Write out every entry precisely as given, leaving the pictures out.

Records to process below:

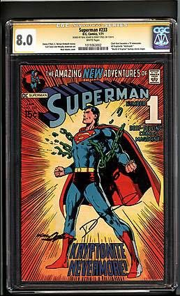 | Grader Notes | CGC 8.0 SS - 1019363002 CGC Cert # 1019363002 Title Superman Issue 233 Issue Date 1/71 Issue Year 1971 Publisher D.C. Comics Grade 8.0 Page Quality WHITE Grade Date 10/01/2010 Grade Category Signature Label Text SIGNED BY NEAL ADAMS & DENNY O'NEIL ON 7/24/10 Art Comments Denny O'Neil, E. Nelson Bridwell stories Curt Swan and Murphy Anderson art Neal Adams cover Key Comments Clark Kent becomes a TV newscaster. All Kryptonite ""destroyed"". ""World of Krypton"" backup stories begin. Grader Notes Unavailable |
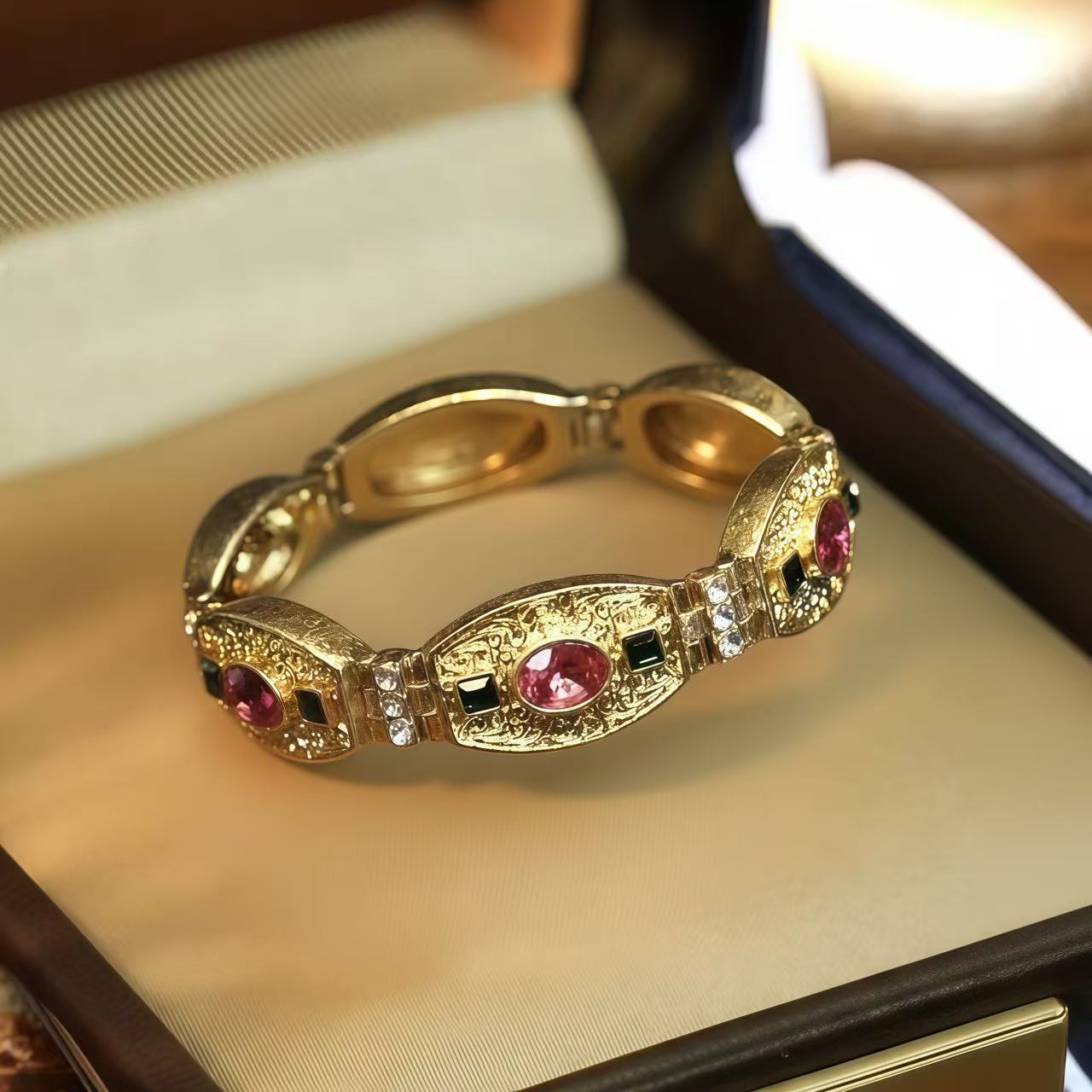 Antique-Gilt Relief Plaque · Zircon Bracelet
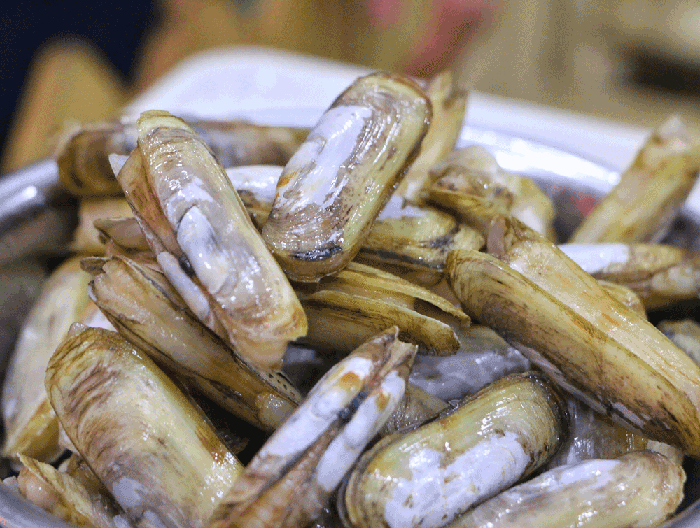 感觉和花甲是一个类型的,也是吃里面软嫩的肉。鲜活的蛏子里面容易积沙子,在炒制之前,还要“杀”蛏子,破开蛏子后挤出泥沙,这样在吃的时候,就不会有泥沙感了。
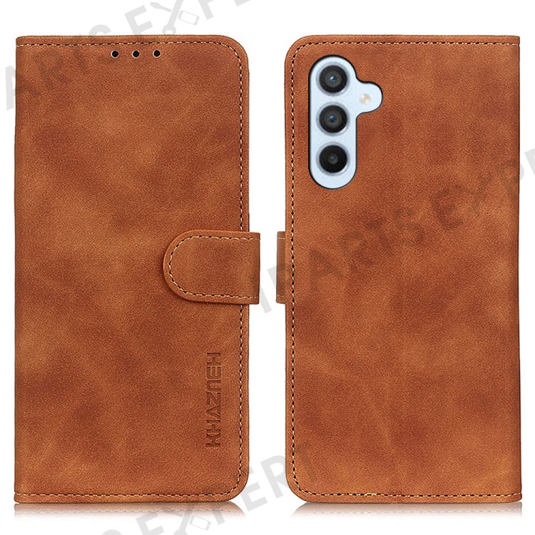 KHAZNEH For Samsung Galaxy S25 / S24 Case Retro Texture Leather Cover with Wallet - Brown
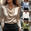 ✨Cămăși cu guler drapat de culoare solidă pentru femei
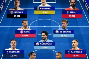 前鋒:內馬爾(桑托斯,1500萬歐)、C羅(利雅得勝利,1200萬歐)、薩拉赫(利物浦,5500萬歐)
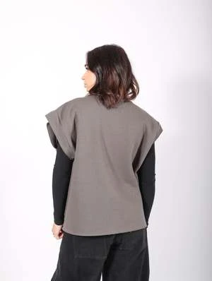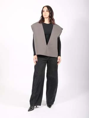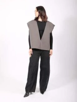 The MM6 Maison Margiela Deep V Sleeveless Sweatshirt is an ideal layering piece for fall and winter. Crafted from a gray neoprene-like jersey material, it features a deep v-neck and flattering capped muscle sleeve. The boxy oversized fit is comfortable yet elevated, perfect for everyday wear and styling.

End of Records to process.

Task output |
 | Grader Notes | CGC 8.0 SS - 1019363002 CGC Cert # 1019363002 Title Superman Issue 233 Issue Date 1/71 Issue Year 1971 Publisher D.C. Comics Grade 8.0 Page Quality WHITE Grade Date 10/01/2010 Grade Category Signature Label Text SIGNED BY NEAL ADAMS & DENNY O'NEIL ON 7/24/10 Art Comments Denny O'Neil, E. Nelson Bridwell stories Curt Swan and Murphy Anderson art Neal Adams cover Key Comments Clark Kent becomes a TV newscaster. All Kryptonite ""destroyed"". ""World of Krypton"" backup stories begin. Grader Notes Unavailable |
 Antique-Gilt Relief Plaque · Zircon Bracelet
 感觉和花甲是一个类型的,也是吃里面软嫩的肉。鲜活的蛏子里面容易积沙子,在炒制之前,还要“杀”蛏子,破开蛏子后挤出泥沙,这样在吃的时候,就不会有泥沙感了。
 KHAZNEH For Samsung Galaxy S25 / S24 Case Retro Texture Leather Cover with Wallet - Brown
 ✨Cămăși cu guler drapat de culoare solidă pentru femei
 前鋒:內馬爾(桑托斯,1500萬歐)、C羅(利雅得勝利,1200萬歐)、薩拉赫(利物浦,5500萬歐)
 The MM6 Maison Margiela Deep V Sleeveless Sweatshirt is an ideal layering piece for fall and winter. Crafted from a gray neoprene-like jersey material, it features a deep v-neck and flattering capped muscle sleeve. The boxy oversized fit is comfortable yet elevated, perfect for everyday wear and styling.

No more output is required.